In the past 25 years, more than 50 companies have been started because of the university’s innovations, and UVA graduates around the globe have created more than 65,000 companies. Virginia-based companies started by UVA alums produce about $395 billion in calculated annual revenues and spend $279 billion annually.

R&D Resources

“The role UVA plays in economic and workforce development is in the production of knowledge, research and innovations with commercial potential as well as the education and experience for students as they leave the university,” says David Touve, senior director of the Batten Institute at UVA’s Darden School of Business. “The university also plays a role by supporting a range of experiential opportunities for students as it relates to either internships, course projects or research experience.”
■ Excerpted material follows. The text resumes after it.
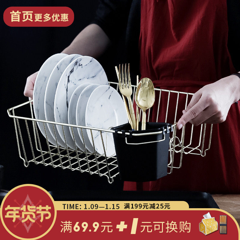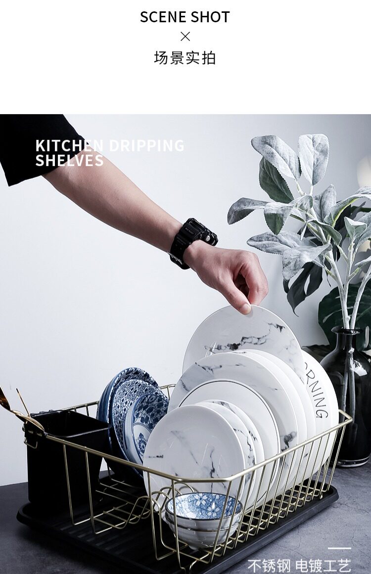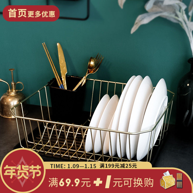 Нордический ветровой металлический на полке кухня кухня многослойная хранческая пластина, высушенная, мытья фильтр, посуда, палочки для еды, палочки для еды.

Touve oversees the Batten Institute’s Catalyst Accelerator program and the iLab. The Catalyst Accelerator provides startups nine months of support and resources, including grant funding, workspace and networking opportunities. i.Lab is a highly competitive summer incubator for some of the region’s top startups founded by UVA students and alums developing a wide range of innovative projects and services, from solar panels to medical devices.

Touve says the Batten Institute and its programs have been instrumental in growing the region’s agribusiness, business and finance, IT, bioscience, and defense and security industries. For example, AgroSpheres, founded by UVA alumni Payam Pourtaheri and Ameer Shakeel, manufactures a nontoxic, bio-based solution for agricultural pest control. Pourtaheri and Shakeel participated in the i.Lab program as undergraduates at UVA’s School of Engineering and Applied Science.

University of Virginia, Darden School of Business, MBA Program at the Charlottesville Campus, which is located in Central Virginia.
(c)2022 Sam Levitan Photography

Talent Transfer

“Working with i.Lab, we were able to get $10,000 in grant funding, which was nice. The money’s always good when you’re early on in your business. They also provided some nice office space where the team could get together and work to push things out,” Pourtaheri says. “Now, UVA has become a great resource for talent. We always try to take three or so interns from UVA every year, and then when they graduate, we try to keep that talent here in the area.”

Andrew Mavrag anis, chief financial officer at Spire Collective, an e-commerce company based out of Fluvanna County, agrees. He says the company has benefited from the university’s transfer of knowledge and talent.

“We have quite a few UVA graduates on our team,” Mavraganis says. “Knowing that there is a resource like UVA to supplement your team, especially when you’re small, is definitely a factor in our staying in the region.”

Otavio Freire, president, chief technology officer and co-founder of Safeguard Cyber, an award-winning cybersecurity firm, credits the university with giving him and his co-founders the confidence to start their business.

“As first-year MBA students, my co-founders and I won the UVA business plan competition, and that was a huge validation. The competition is rigorous and makes you flesh out how you plan to go to market,” Freire says. “By winning the competition, you’re admitted to the incubator.”

He says UVA and the incubator provided the resources, financial support, physical space and access to outside capital that helped the business grow into a 220-person national firm.

“In a world outside of UVA, you would have to go hire these people or contract with them and pay a hefty fee to these resources that you find in the incubator,” he says. “We went on to raise $68 million, and we are now a 220-person company in the cybersecurity space. So, we became a national firm despite being local. That’s the quality of that UVA ecosystem. It really is top tier.”